In metal halide lamps comprising a ceramic discharge tube held within an outer tube there is less reactivity between the discharge tube material and enclosed metals compared to quartz discharge tubes, which were in general use before the ascent of ceramic discharge tubes. Therefore, it is expected that a stable lifetime can be obtained for metal halide lamps comprising a ceramic discharge tube.
In the prior art, metal halide lamps having a discharge tube at both end portions of a transparent alumina tube that are closed by insulating ceramic caps or conducting caps are known as such metal halide lamps (see Publication of Unexamined Japanese Patent Publication (Tokkai) No. Sho 62-283543).

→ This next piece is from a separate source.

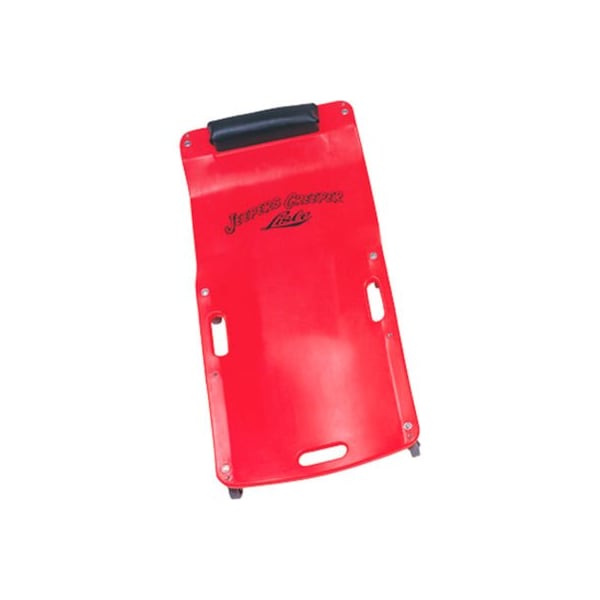 this body-fitting design was developed through testing on many body types to provide optimum comfort. Creeper body is 2" longer for a better fit. Urethane rollers are inserted into steel bushings which are molded into the creeper body. Provides added strength and easy roller replacement. Low profile, 7/8" floor clearance. Easy to clean surface is resistant to solvents, greases and fuels. Built-in threaded inserts allow easy addition of a light holder (93702) and tool tray (96562), sold separately. Dimensions: length 38", width 17 1/2", height 4".

Further known are metal halide lamps having a ceramic discharge tube having end portions at both ends of a central portion and having a smaller diameter than the central portion (see Publication of Unexamined Japanese Patent Publication (Tokkai) No. Hei 6-196131). Electrically conductive lead-wires having an electrode at their ends are inserted at both end portions. The gaps between the edge portions of the discharge tube and the conductive lead-wire are sealed with a sealing material
Such conventional metal halide lamps using ceramic discharge tubes utilize the high thermal resistance of the ceramic to raise the tube-wall load (lamp power per surface area of the entire discharge tube) compared to metal halide lamps having a quartz discharge tube. It is known that by maintaining a vacuum inside the outer tube, the discharge tube temperature can be raised and the lamp efficiency can be increased. However, there has been no detailed research about the lamp efficiency and lifetime and their relation to the volume of the transparent ceramic constituting the discharge tube.
Because the volume of the transparent ceramic constituting the discharge tube in conventional metal halide lamps having a ceramic discharge tube is large, the proportion of the discharge energy that is thermally lost in the discharge tube is large, so that a considerable increase of the lamp efficiency cannot be achieved.
On the other hand, when the volume of the transparent ceramic constituting the discharge tube is made small to increase the lamp efficiency, the bond strength when the discharge tube is sintered into one piece becomes weak, so that cracks occur during the lamp operation, which lead to leaks in the discharge tube.
Moreover, to realize high efficiency and high color rendition, it is necessary to increase the discharge tube temperature and raise the metal vapor pressure inside the discharge tube. However, when the volume of the transparent ceramic material constituting the discharge tube is too small and a vacuum is maintained inside the outer tube, the discharge tube may be damaged due to heat-cycles during the lamp lifetime, because the discharge tube temperature is too high.